Another reason is that it's not as easy as it looks. OpenSSL became an integral part of the system with many consumers relying on it. Let's name some at least: WAN boot, install software (yes, you cannot install Solaris without OpenSSL libraries any more), Apache, SSH and many others. Upgrading 0.9.7d to 0.9.7l would mean that we would have to spend literally a couple of months to be reasonably sure that nothing is going to break.

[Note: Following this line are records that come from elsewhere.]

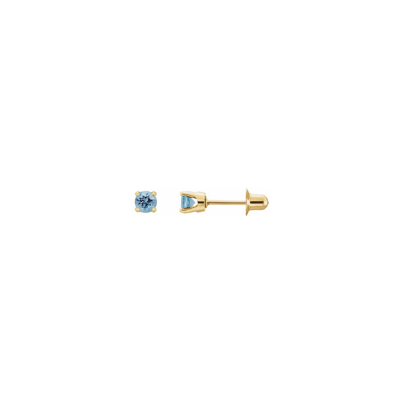 3 mm Round Natural Aquamarine Stud Earrings (14K)
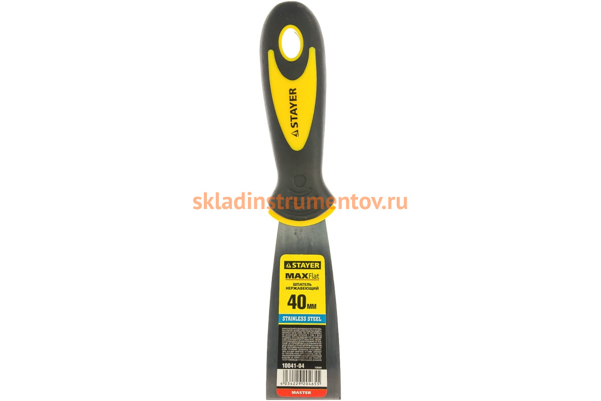 Шпатель 40 мм STAYER MASTER 10041-04 используется при малярных работах. Его основное назначение - нанесение и выравнивание строительного состава на обрабатываемой поверхности. Рабочее полотно шпателя изготовлено из нержавеющей стали, обеспечивая долговечность, эластичность и дополнительную гибкость. Двухкомпонентная рукоятка не скользит в руке и гарантирует комфортную работу.
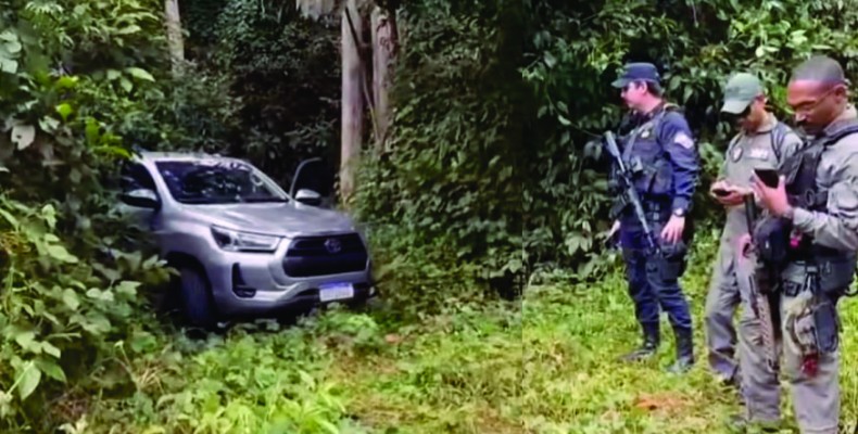Em uma área de mata, os policiais conseguiram recuperar notebooks levados da vítima. Pouco tempo depois, com apoio do helicóptero do CIOPAER, a caminhonete também foi localizada, escondida em meio à vegetação nas proximidades do Rio Teles Pires, em uma área de difícil acesso.
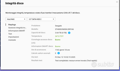 Hard Disk: 2 x Seagate NAS da 4 TB l’uno (in ottimo stato e perfettamente funzionanti)
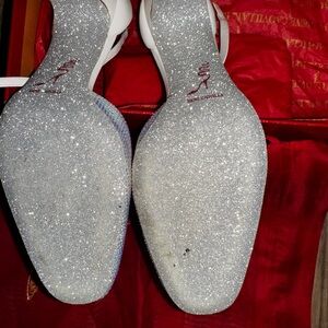 Elevate your style with these exquisite Rene Caovilla heels, featuring a shimmering silver hue and a sophisticated ankle strap design. The glittery finish adds a touch of glamour, making them perfect for weddings or formal events. Experience the perfect blend of elegance and contemporary fashion with these stunning shoes.
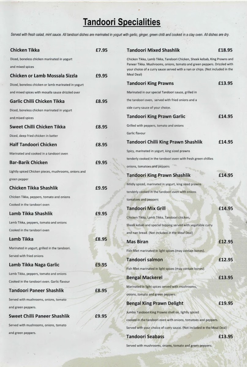 Chicken Tikka, Lamb Tikka, Tandoori chicken, Sheek kebab and special topping served with vegetable curry and nan bread. (Not included in the Meal Deal)

Of course, nothing is supposed to break but that's not good enough. No one can be reasonable sure without proper testing. One example for all. When upgrading from 0.9.7d to 0.9.8a in OpenSolaris, there was an undocumented change in behaviour of OpenSSL_add_all_algorithms(3). In 0.9.7d OpenSSL_add_all_algorithms(3) apparently did also what SSL_library_init(3) was supposed to do. According to the documentation, OpenSSL_add_all_algorithms(3) doesn't do anything about SSL stuff so that's fine. However, the problem was that some applications written some time ago relyied on that, using SSL without proper use of SSL_library_init(3). Without proper testing of everything we wouldn't have found out before shipping the new version. The project of upgrading OpenSSL in Nevada took roughly 5 months.

I would conlude that since there is no significant reason for a new OpenSSL version in S10 now, then, well, there is no need to upgrade. If you are interested why we don't upgrade to the newer 0.9.8x version in S10, read on. The answer for this question is also simple - it's quite difficult and definitely risky because of binary incompatibility between 0.9.7 and 0.9.8 branches. Let me explain why.

Binary incompatibility between different branches

Some basic facts first:

  • 0.N.Mx (like 0.9.7d) version is binary compatible with 0.N.My (0.9.7i). If it's not then it's a bug and OpenSSL team will fix it very quickly.
  • 0.N.Mx is NOT binary compatible with 0.N.Px or 0.N.Py. The incompatibility is a reason why M changed to P. Example is 0.9.7d in S10 and 0.9.8a in Nevada.
  • API compatibility is not an isssue
  • symbols in OpenSSL are not versioned but since DT_SONAME in a dynamic section of ELF dynamic object (= the OpenSSL library) contains all three numbers (0.N.M) then no application built against 0.N.M can be dynamically linked with 0.N.P by mistake. Linker just won't allow it.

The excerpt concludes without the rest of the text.